两千五百名玄衣轻骑已经列阵,静默无声;百余员年轻文吏,也都骑在马上,列在玄衣队伍一侧,一个个面容紧绷,带着一丝难掩的锐气与忐忑。
赫连良平立马在前,目光缓缓扫过这支混杂着铁血与笔墨的队伍。他没有训话,只朝一旁的糜钧点了点头。

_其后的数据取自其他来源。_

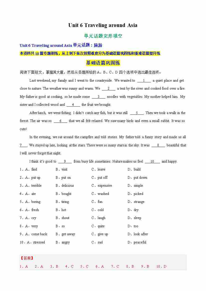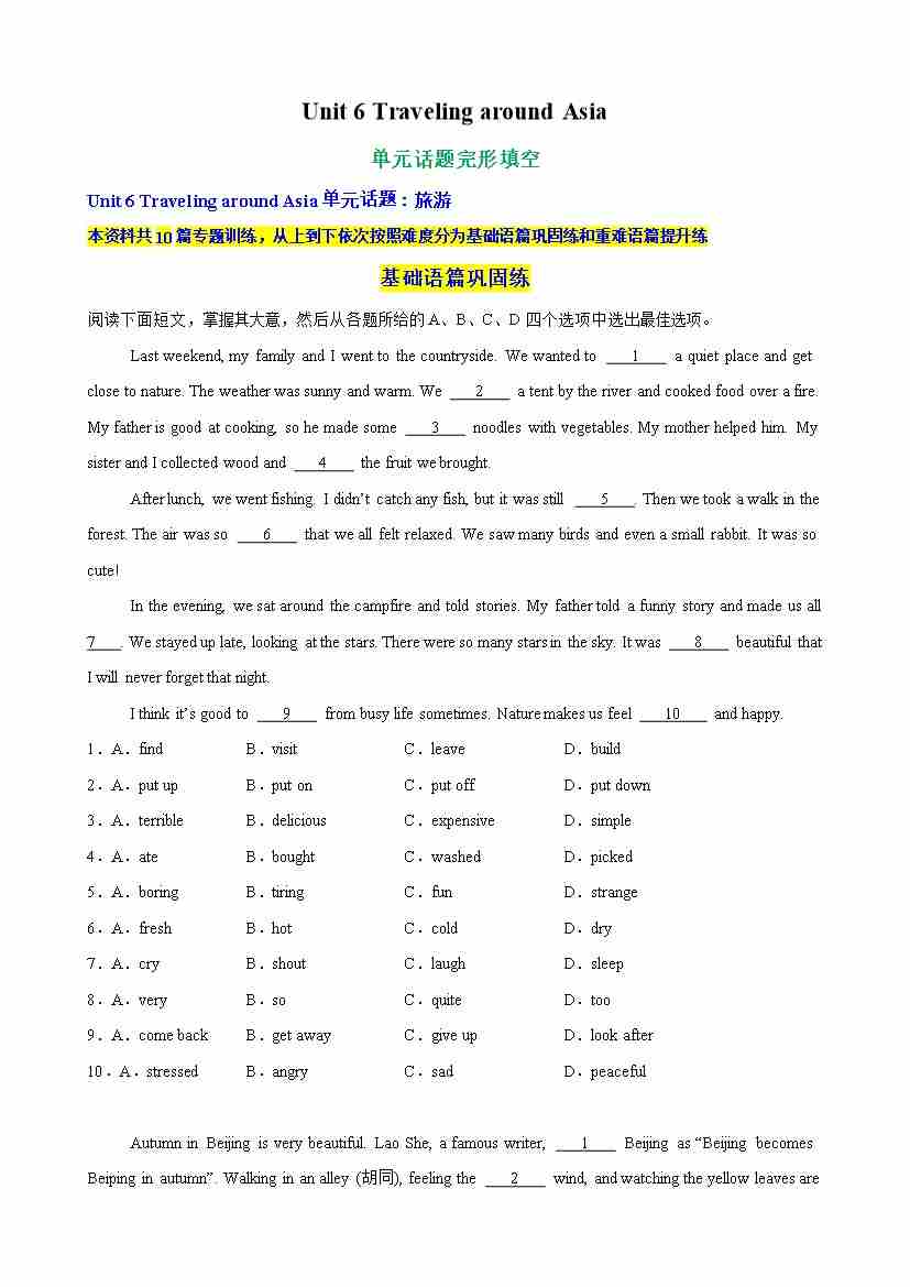 Unit 6 Traveling around Asia单元话题完形填空练习(学生版)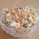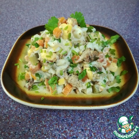 Нежный, приятный и незатейливый салатик. Станет отличным дополнением к обеду в кругу семьи. Да и на праздничном столе займёт не последнее место. Угощайтесь!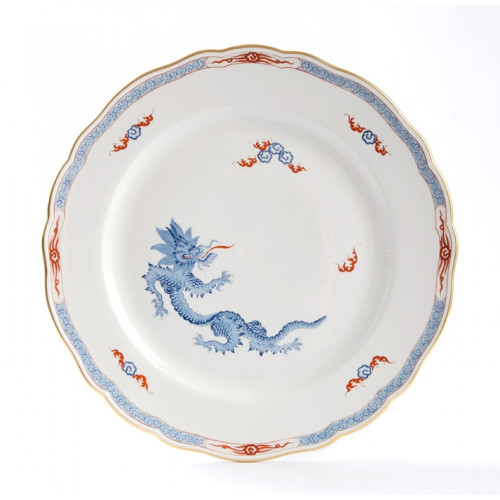 Platzteller, Form "Neuer Ausschnitt", Ming-Drache, leicht, hellblau, mit Kante, Goldrand, ø 32 cm

糜钧得令,当即沉声喝道:“相公有令,留五百人驻守会祁,看管陆氏等已入罪囚,其余人等即刻奔赴吴郡,沿途当令行禁止,如有扰民,军法从事!”
“谨遵相公钧旨!”一众人马齐声高呼。
赫连良平微微颔首,目光掠过城墙,不再耽搁,打马转向东南方向:“出发!”
蹄声响起,一支由刀兵与笔墨组成的队伍,携着未散的血腥气和凛然杀意,离开刚刚被雷霆手段荡涤过的会祁郡,朝着吴郡方向滚滚而去。

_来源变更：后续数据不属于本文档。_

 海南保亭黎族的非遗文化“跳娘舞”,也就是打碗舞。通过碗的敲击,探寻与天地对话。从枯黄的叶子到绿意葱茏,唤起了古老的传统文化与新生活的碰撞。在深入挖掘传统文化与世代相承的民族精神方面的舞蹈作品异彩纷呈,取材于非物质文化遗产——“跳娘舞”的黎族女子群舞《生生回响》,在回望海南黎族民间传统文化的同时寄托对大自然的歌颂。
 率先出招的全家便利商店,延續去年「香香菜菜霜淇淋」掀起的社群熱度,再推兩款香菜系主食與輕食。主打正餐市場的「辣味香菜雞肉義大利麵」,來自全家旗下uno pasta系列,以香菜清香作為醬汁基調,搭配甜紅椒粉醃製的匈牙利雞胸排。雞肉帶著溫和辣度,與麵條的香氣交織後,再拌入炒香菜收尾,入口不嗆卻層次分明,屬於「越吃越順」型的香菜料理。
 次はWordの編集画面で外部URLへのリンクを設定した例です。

一路上,赫连良平还是看见了不愿、却又不得不面对的场面。
原本繁华热闹的景象早已变了模样,沿途村镇中,但凡与陆氏等几大家族有牵连的商铺,大多早早便关了门板,店门紧闭,招牌蒙尘。
粮铺、布庄、当铺、酒楼……这些昔日客流不断的营生,此刻大多门庭冷落。
乡野之间的佃户、农人也多有不安之色,三三两两聚在村口田埂上低声议论,言语间无不透着对未来的茫然与忧惧。
新丈田亩的传闻与查抄的雷厉风行,让他们既期盼能分得田地,又惧怕被卷入风波、再遭池鱼之殃。
赫连良平始终沉默寡言,只让随行文吏就近记录一些当地情况,汇总成册。
三日后,在他们抵达吴郡地界时,那股恐慌的气氛已如同有形之物,沉重地笼罩下来。
一直到郡治所在,官道上行旅稀少,偶有商队见到飘扬的玄色乾字旗,也多远远避开,绕路而行。
昔日城外热闹的驿亭、茶摊,此刻也多已歇业,只剩一两处胆子大的小摊还开着,摊主却也是面色惴惴,不敢大声吆喝,只默默注视着这支杀气凛然的队伍。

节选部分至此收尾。